▶ [Task details]
Print the entries exactly; skip the pictures.

▶ [Given entries]
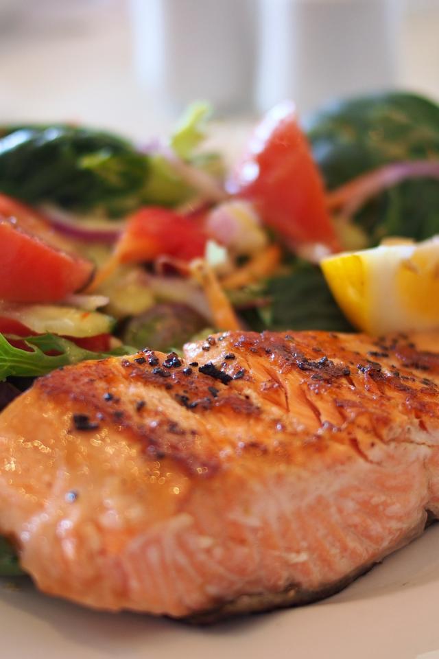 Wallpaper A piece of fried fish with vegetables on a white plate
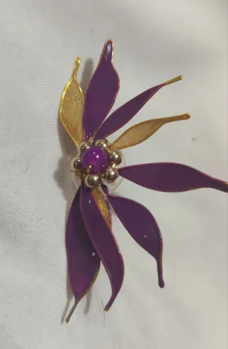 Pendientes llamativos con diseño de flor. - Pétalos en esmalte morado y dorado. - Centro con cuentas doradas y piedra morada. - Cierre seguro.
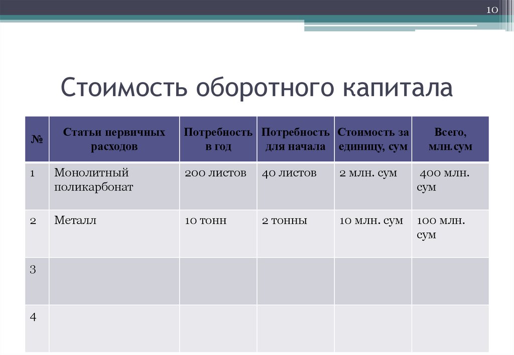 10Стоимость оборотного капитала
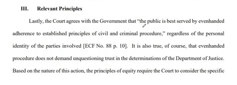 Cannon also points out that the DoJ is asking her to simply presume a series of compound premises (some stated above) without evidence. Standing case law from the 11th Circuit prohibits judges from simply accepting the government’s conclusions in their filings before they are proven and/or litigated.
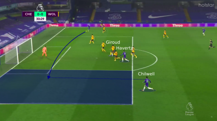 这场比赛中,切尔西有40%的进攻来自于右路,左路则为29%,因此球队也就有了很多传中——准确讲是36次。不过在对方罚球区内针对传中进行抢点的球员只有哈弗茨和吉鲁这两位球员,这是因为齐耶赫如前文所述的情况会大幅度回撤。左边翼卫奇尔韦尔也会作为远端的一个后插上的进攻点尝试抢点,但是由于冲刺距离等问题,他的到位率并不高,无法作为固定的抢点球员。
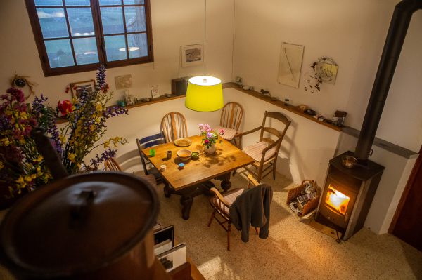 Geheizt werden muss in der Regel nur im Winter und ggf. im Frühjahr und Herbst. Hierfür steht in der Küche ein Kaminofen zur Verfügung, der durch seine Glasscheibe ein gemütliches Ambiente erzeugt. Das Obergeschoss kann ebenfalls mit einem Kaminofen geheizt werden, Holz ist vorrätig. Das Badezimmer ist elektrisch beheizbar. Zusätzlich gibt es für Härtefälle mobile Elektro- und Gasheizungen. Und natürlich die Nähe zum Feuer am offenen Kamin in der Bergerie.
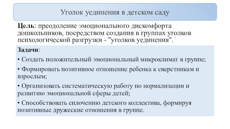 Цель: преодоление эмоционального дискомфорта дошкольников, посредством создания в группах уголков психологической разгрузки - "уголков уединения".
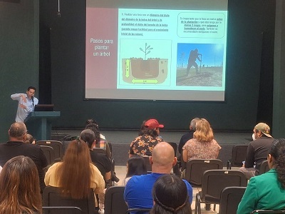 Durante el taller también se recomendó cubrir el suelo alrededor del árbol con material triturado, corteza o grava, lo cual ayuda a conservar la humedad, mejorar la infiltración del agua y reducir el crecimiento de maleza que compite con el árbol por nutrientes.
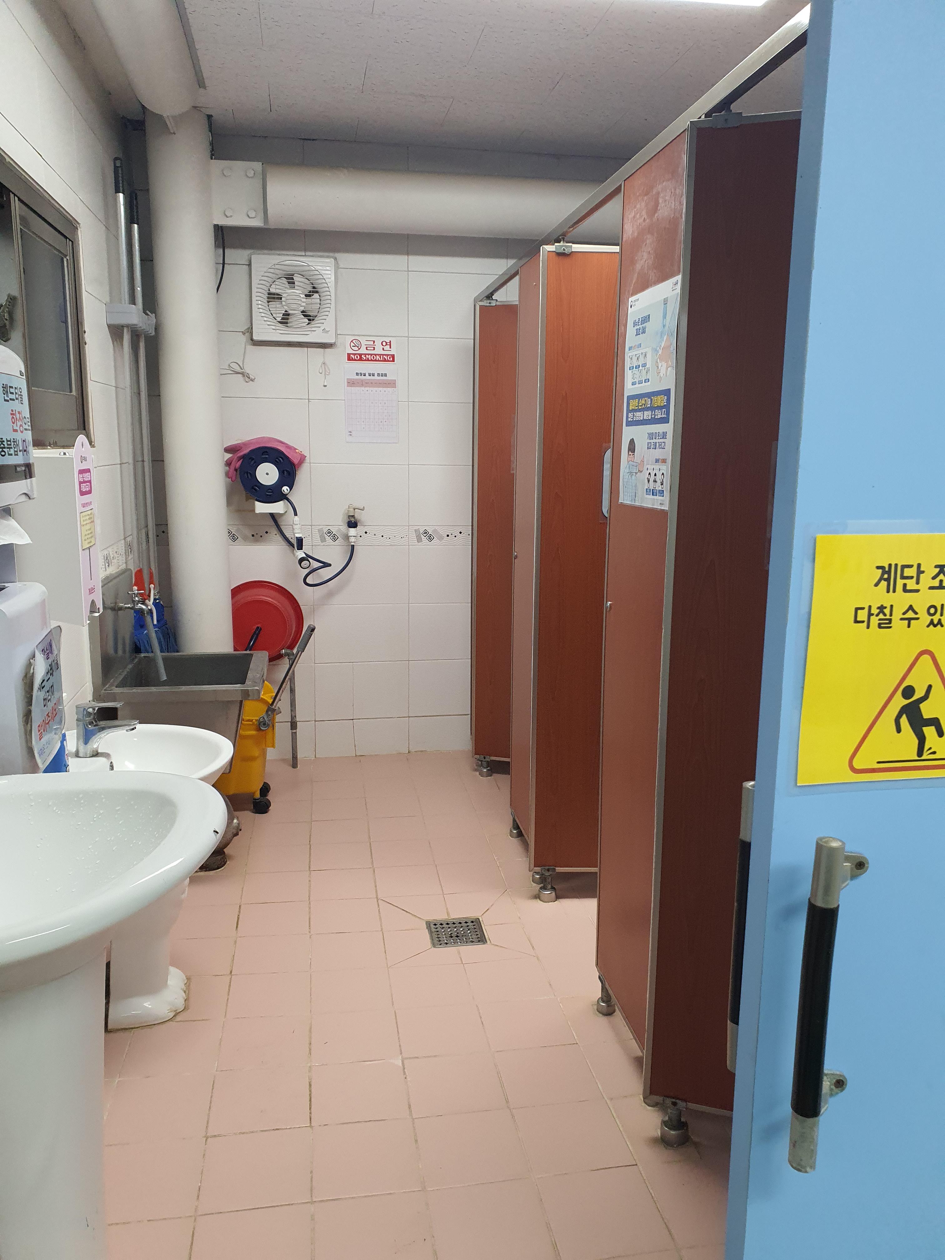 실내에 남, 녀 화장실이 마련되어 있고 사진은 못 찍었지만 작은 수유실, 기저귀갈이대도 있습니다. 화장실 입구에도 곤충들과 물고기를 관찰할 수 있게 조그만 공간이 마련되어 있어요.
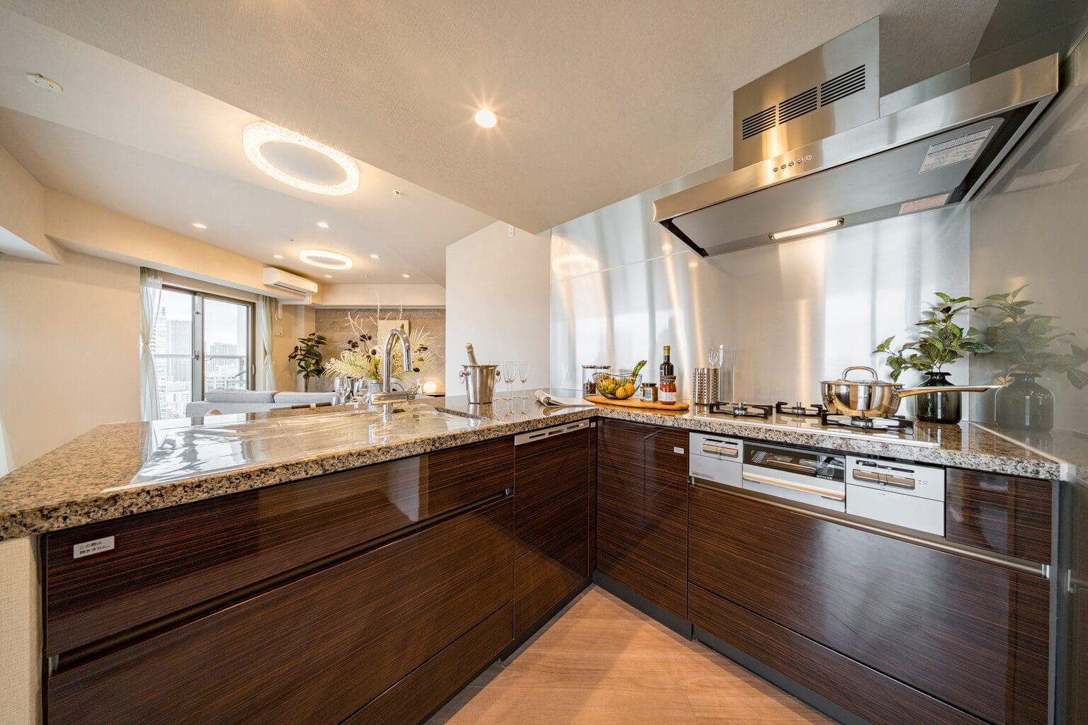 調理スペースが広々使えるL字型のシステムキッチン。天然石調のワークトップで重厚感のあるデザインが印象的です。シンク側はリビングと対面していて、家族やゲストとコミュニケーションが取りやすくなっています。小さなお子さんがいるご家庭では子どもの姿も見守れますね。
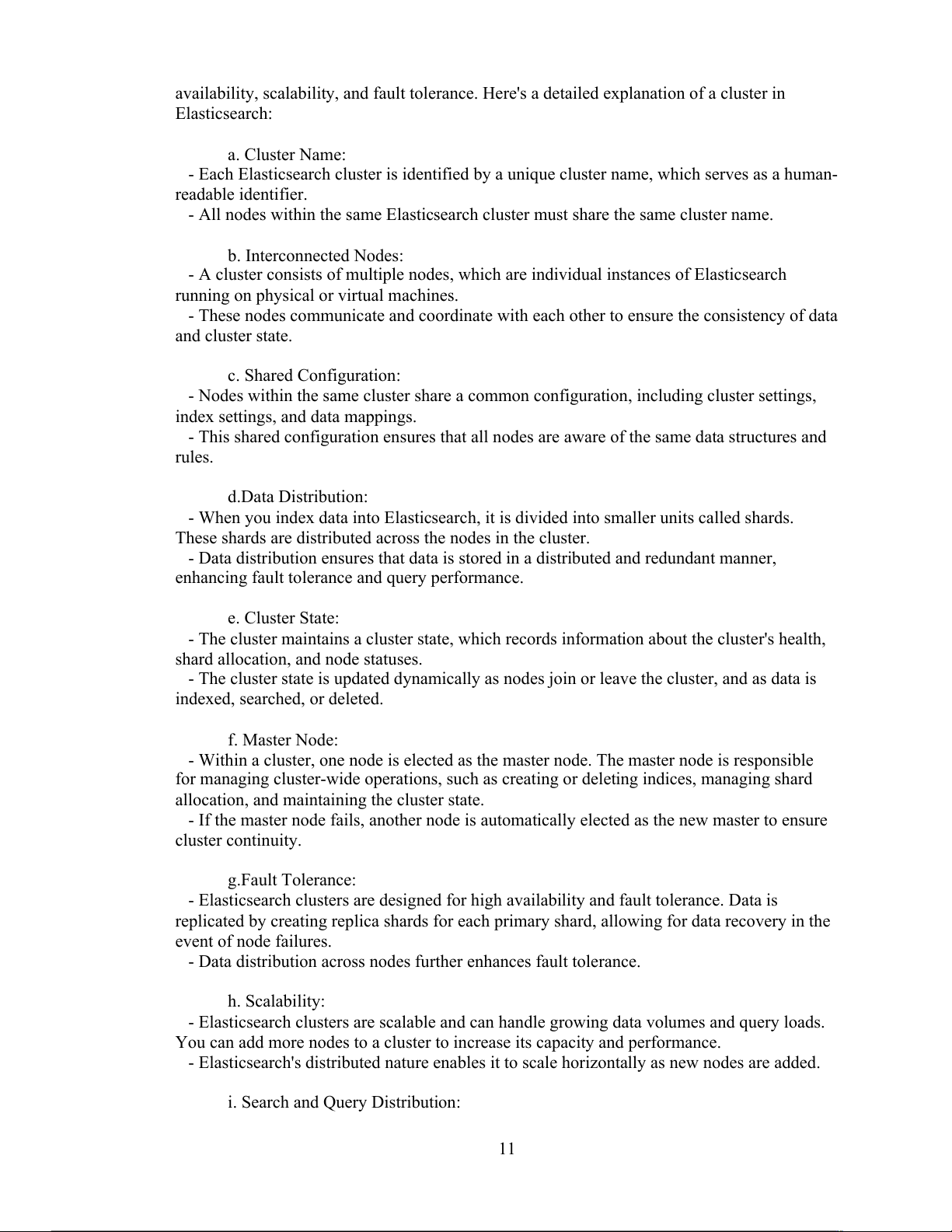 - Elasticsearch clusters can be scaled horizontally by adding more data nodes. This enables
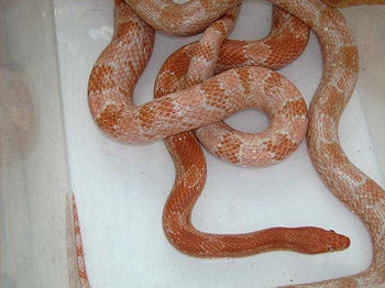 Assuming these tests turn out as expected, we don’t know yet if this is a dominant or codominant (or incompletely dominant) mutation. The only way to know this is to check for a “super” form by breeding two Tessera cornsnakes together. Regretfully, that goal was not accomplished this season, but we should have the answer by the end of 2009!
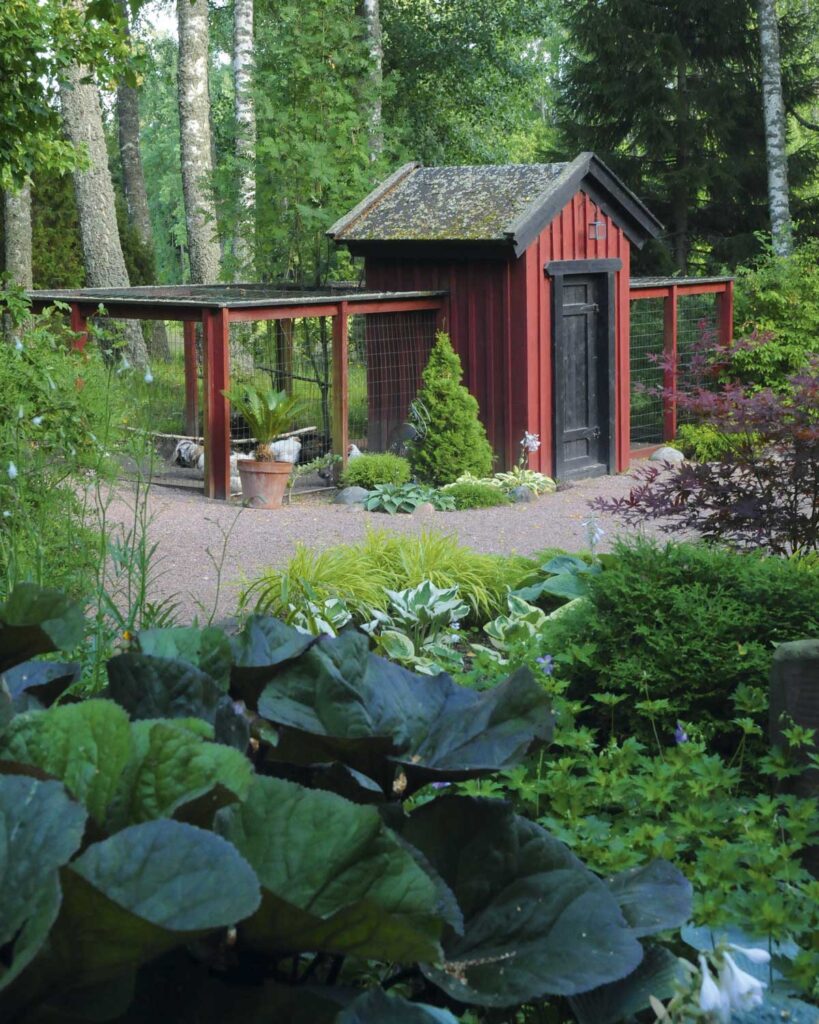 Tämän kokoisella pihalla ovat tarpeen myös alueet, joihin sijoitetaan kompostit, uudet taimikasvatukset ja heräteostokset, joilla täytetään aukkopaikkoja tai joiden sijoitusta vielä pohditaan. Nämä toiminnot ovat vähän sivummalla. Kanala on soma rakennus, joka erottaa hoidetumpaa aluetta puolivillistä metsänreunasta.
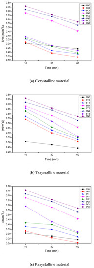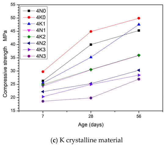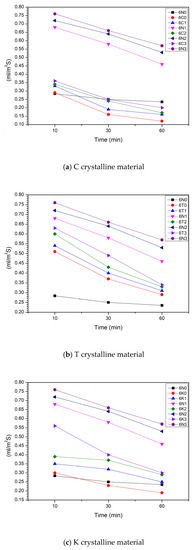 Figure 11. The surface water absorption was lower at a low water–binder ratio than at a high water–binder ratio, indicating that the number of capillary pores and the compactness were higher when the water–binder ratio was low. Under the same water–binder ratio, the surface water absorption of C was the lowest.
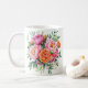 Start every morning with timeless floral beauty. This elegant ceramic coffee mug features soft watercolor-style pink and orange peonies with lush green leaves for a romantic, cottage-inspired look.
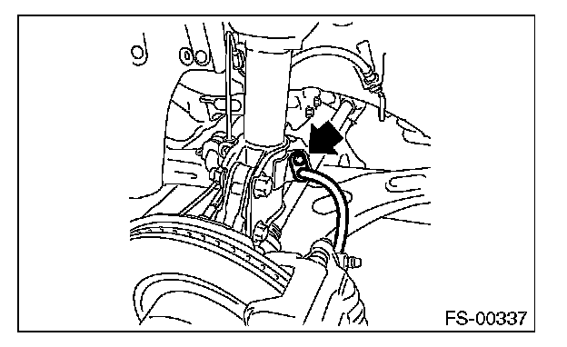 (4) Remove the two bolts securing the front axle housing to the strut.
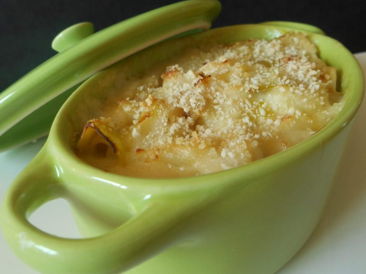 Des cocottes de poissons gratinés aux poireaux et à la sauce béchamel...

▶ [Answer box]
 Wallpaper A piece of fried fish with vegetables on a white plate
 Pendientes llamativos con diseño de flor. - Pétalos en esmalte morado y dorado. - Centro con cuentas doradas y piedra morada. - Cierre seguro.
 10Стоимость оборотного капитала
 Cannon also points out that the DoJ is asking her to simply presume a series of compound premises (some stated above) without evidence. Standing case law from the 11th Circuit prohibits judges from simply accepting the government’s conclusions in their filings before they are proven and/or litigated.
 这场比赛中,切尔西有40%的进攻来自于右路,左路则为29%,因此球队也就有了很多传中——准确讲是36次。不过在对方罚球区内针对传中进行抢点的球员只有哈弗茨和吉鲁这两位球员,这是因为齐耶赫如前文所述的情况会大幅度回撤。左边翼卫奇尔韦尔也会作为远端的一个后插上的进攻点尝试抢点,但是由于冲刺距离等问题,他的到位率并不高,无法作为固定的抢点球员。
 Geheizt werden muss in der Regel nur im Winter und ggf. im Frühjahr und Herbst. Hierfür steht in der Küche ein Kaminofen zur Verfügung, der durch seine Glasscheibe ein gemütliches Ambiente erzeugt. Das Obergeschoss kann ebenfalls mit einem Kaminofen geheizt werden, Holz ist vorrätig. Das Badezimmer ist elektrisch beheizbar. Zusätzlich gibt es für Härtefälle mobile Elektro- und Gasheizungen. Und natürlich die Nähe zum Feuer am offenen Kamin in der Bergerie.
 Цель: преодоление эмоционального дискомфорта дошкольников, посредством создания в группах уголков психологической разгрузки - "уголков уединения".
 Durante el taller también se recomendó cubrir el suelo alrededor del árbol con material triturado, corteza o grava, lo cual ayuda a conservar la humedad, mejorar la infiltración del agua y reducir el crecimiento de maleza que compite con el árbol por nutrientes.
 실내에 남, 녀 화장실이 마련되어 있고 사진은 못 찍었지만 작은 수유실, 기저귀갈이대도 있습니다. 화장실 입구에도 곤충들과 물고기를 관찰할 수 있게 조그만 공간이 마련되어 있어요.
 調理スペースが広々使えるL字型のシステムキッチン。天然石調のワークトップで重厚感のあるデザインが印象的です。シンク側はリビングと対面していて、家族やゲストとコミュニケーションが取りやすくなっています。小さなお子さんがいるご家庭では子どもの姿も見守れますね。
 - Elasticsearch clusters can be scaled horizontally by adding more data nodes. This enables
 Assuming these tests turn out as expected, we don’t know yet if this is a dominant or codominant (or incompletely dominant) mutation. The only way to know this is to check for a “super” form by breeding two Tessera cornsnakes together. Regretfully, that goal was not accomplished this season, but we should have the answer by the end of 2009!
 Tämän kokoisella pihalla ovat tarpeen myös alueet, joihin sijoitetaan kompostit, uudet taimikasvatukset ja heräteostokset, joilla täytetään aukkopaikkoja tai joiden sijoitusta vielä pohditaan. Nämä toiminnot ovat vähän sivummalla. Kanala on soma rakennus, joka erottaa hoidetumpaa aluetta puolivillistä metsänreunasta.
 Figure 11. The surface water absorption was lower at a low water–binder ratio than at a high water–binder ratio, indicating that the number of capillary pores and the compactness were higher when the water–binder ratio was low. Under the same water–binder ratio, the surface water absorption of C was the lowest.
 Start every morning with timeless floral beauty. This elegant ceramic coffee mug features soft watercolor-style pink and orange peonies with lush green leaves for a romantic, cottage-inspired look.
 (4) Remove the two bolts securing the front axle housing to the strut.
 Des cocottes de poissons gratinés aux poireaux et à la sauce béchamel...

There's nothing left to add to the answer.